* Problem details: Output the data word for word, dropping every image.

* Source data:
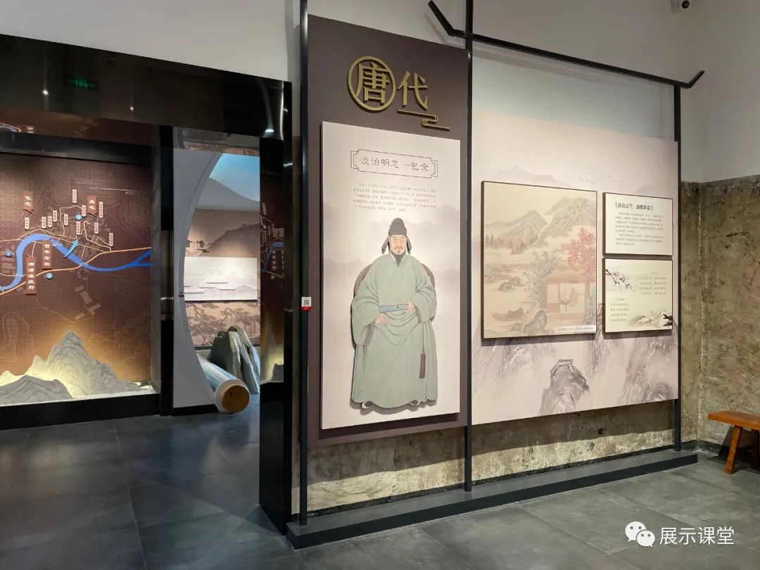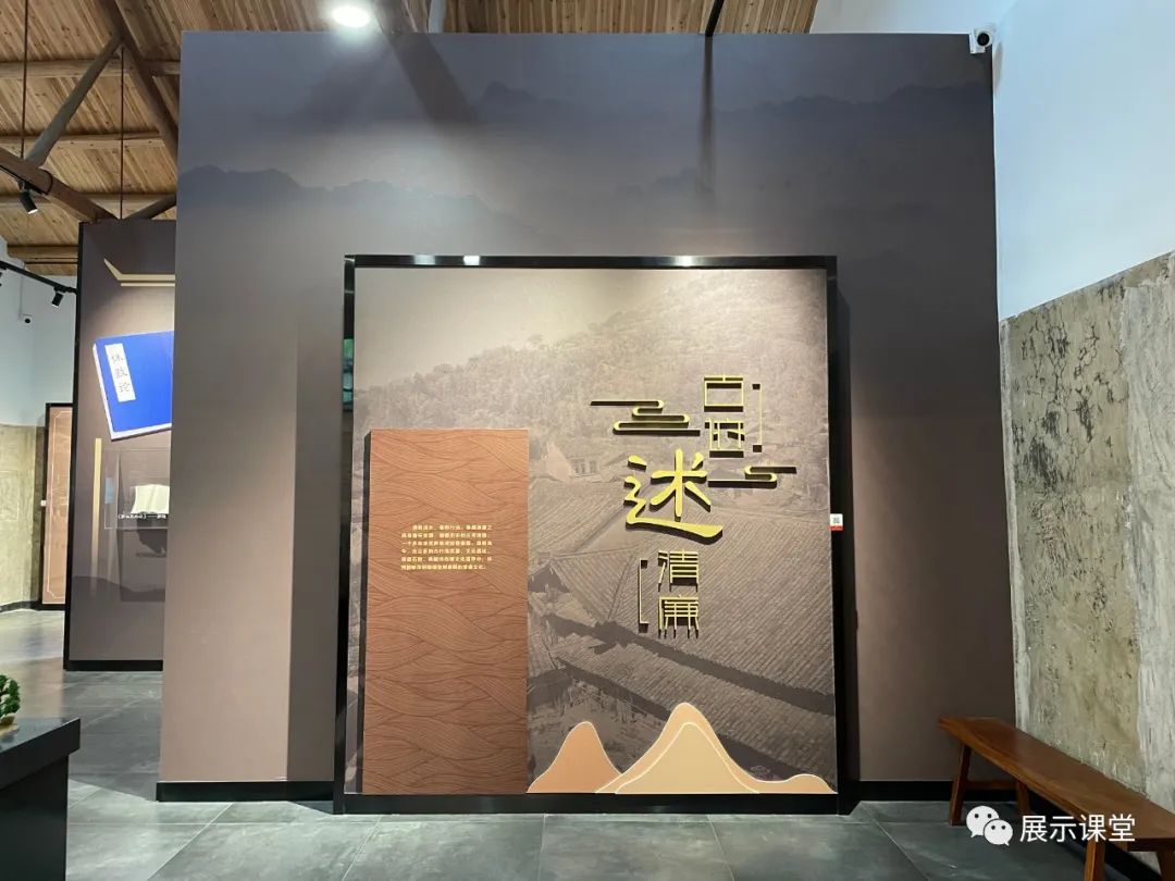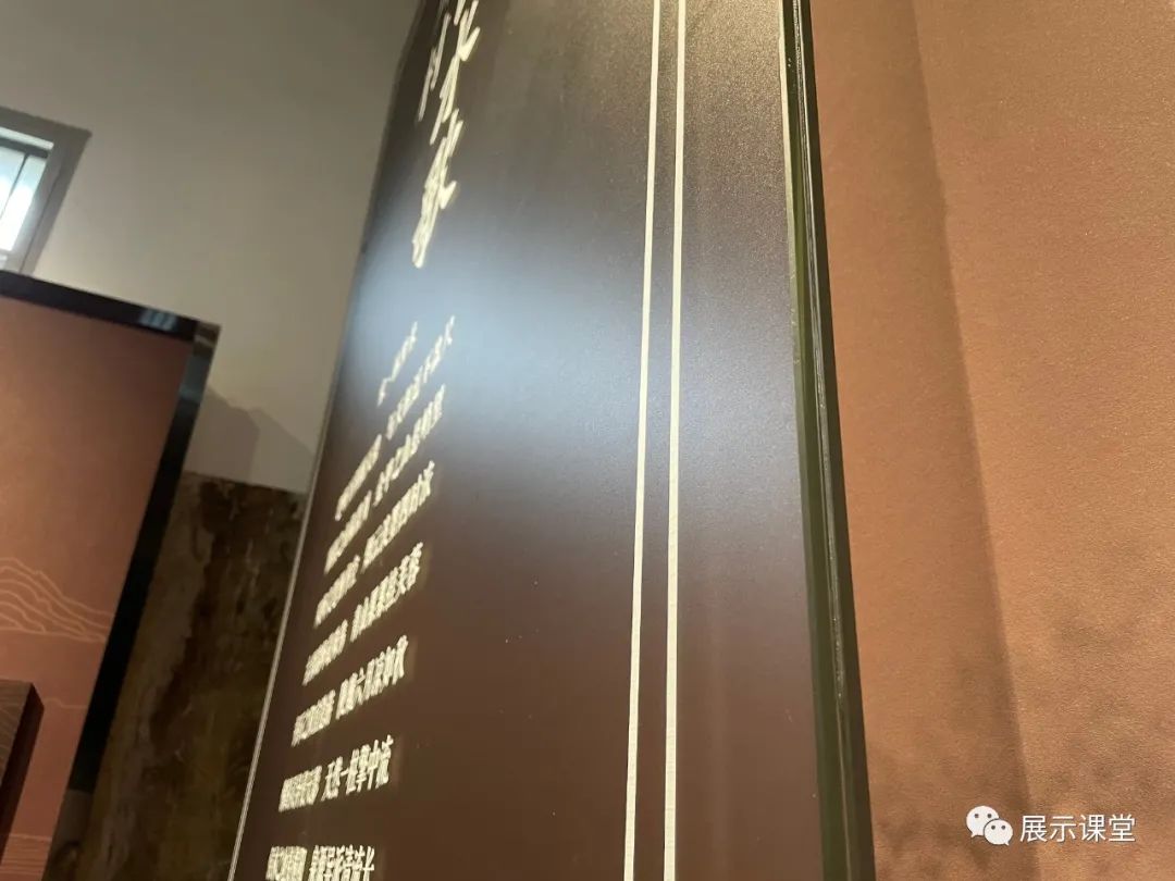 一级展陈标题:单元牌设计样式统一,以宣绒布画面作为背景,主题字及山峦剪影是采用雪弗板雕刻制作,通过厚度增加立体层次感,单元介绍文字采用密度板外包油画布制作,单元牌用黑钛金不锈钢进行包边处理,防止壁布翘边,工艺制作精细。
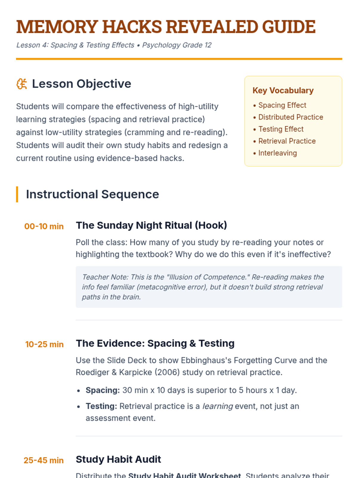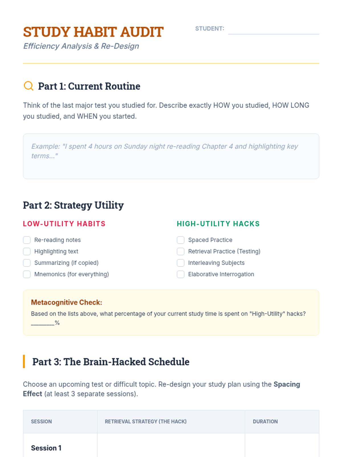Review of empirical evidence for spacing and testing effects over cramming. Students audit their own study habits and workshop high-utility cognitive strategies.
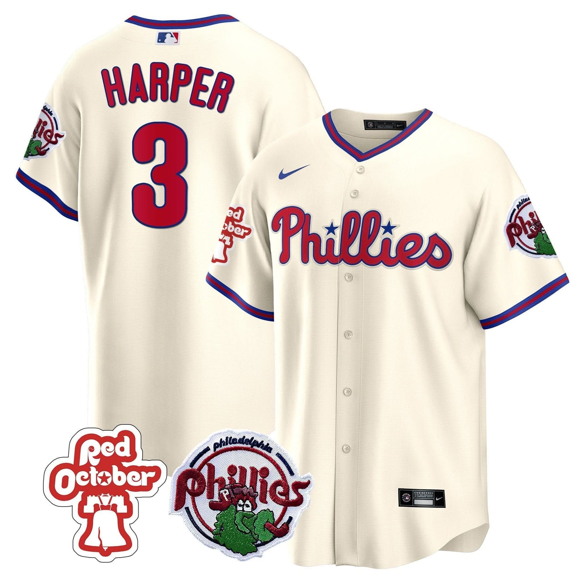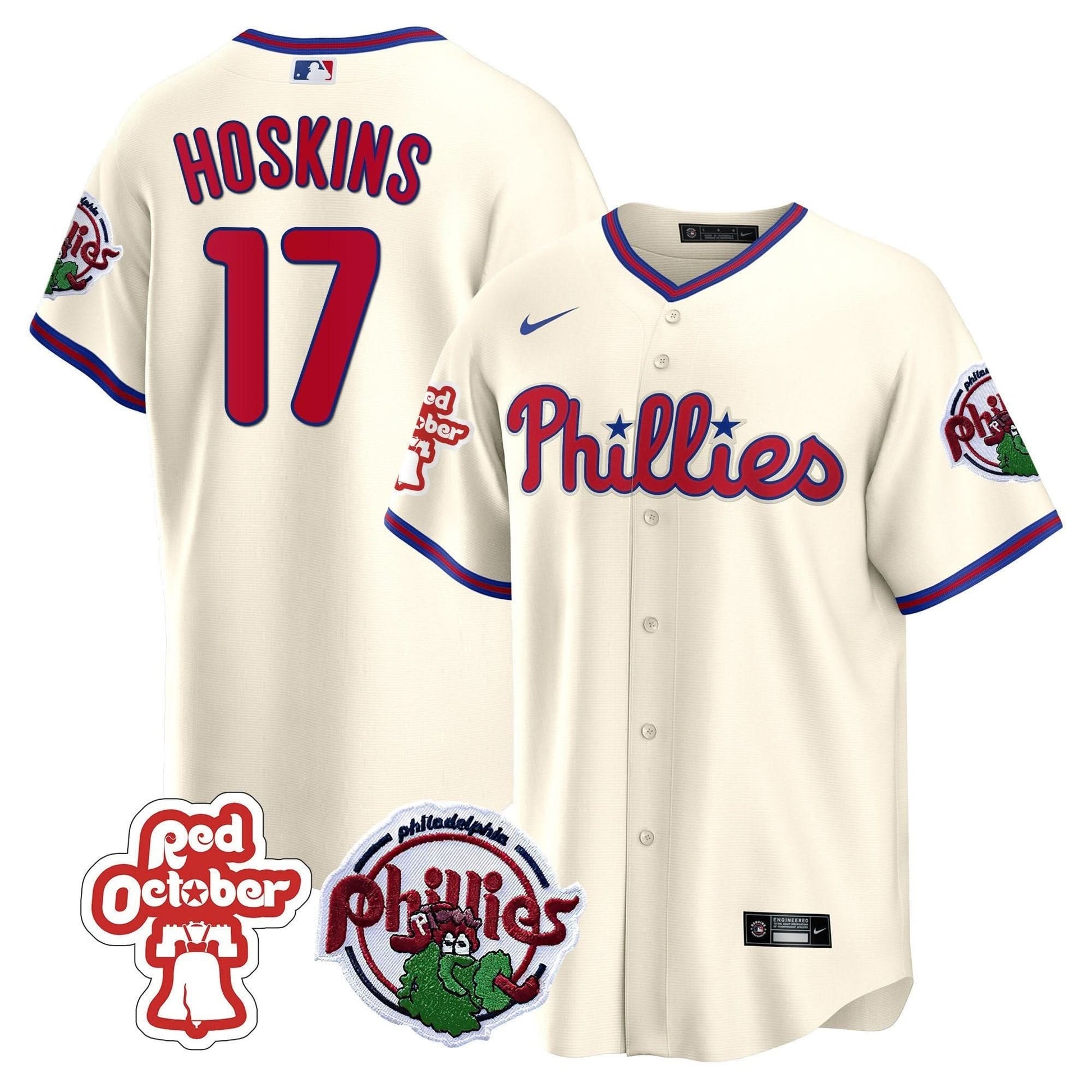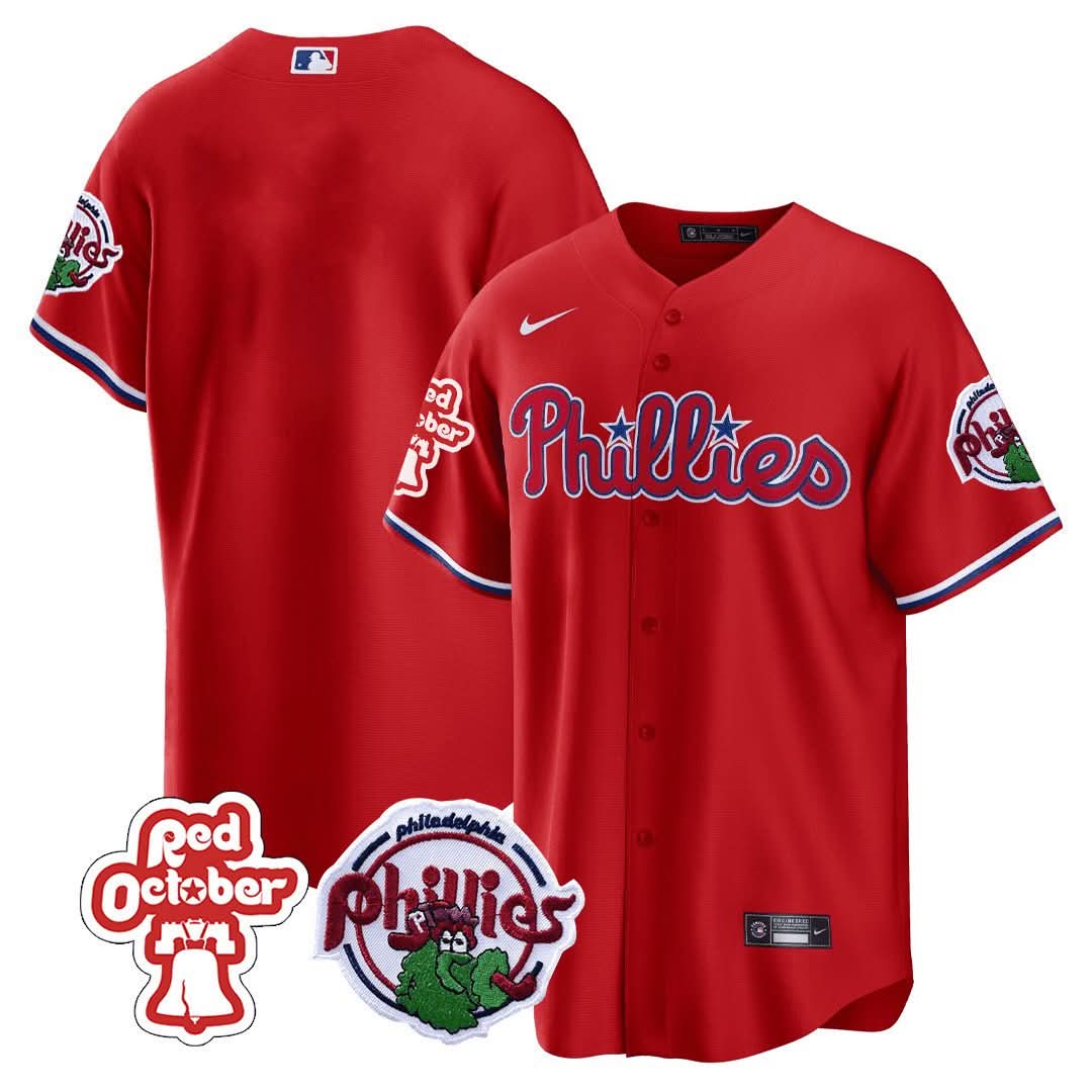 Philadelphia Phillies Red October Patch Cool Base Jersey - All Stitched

* Response to this exercise:
 一级展陈标题:单元牌设计样式统一,以宣绒布画面作为背景,主题字及山峦剪影是采用雪弗板雕刻制作,通过厚度增加立体层次感,单元介绍文字采用密度板外包油画布制作,单元牌用黑钛金不锈钢进行包边处理,防止壁布翘边,工艺制作精细。
Review of empirical evidence for spacing and testing effects over cramming. Students audit their own study habits and workshop high-utility cognitive strategies.
 Philadelphia Phillies Red October Patch Cool Base Jersey - All Stitched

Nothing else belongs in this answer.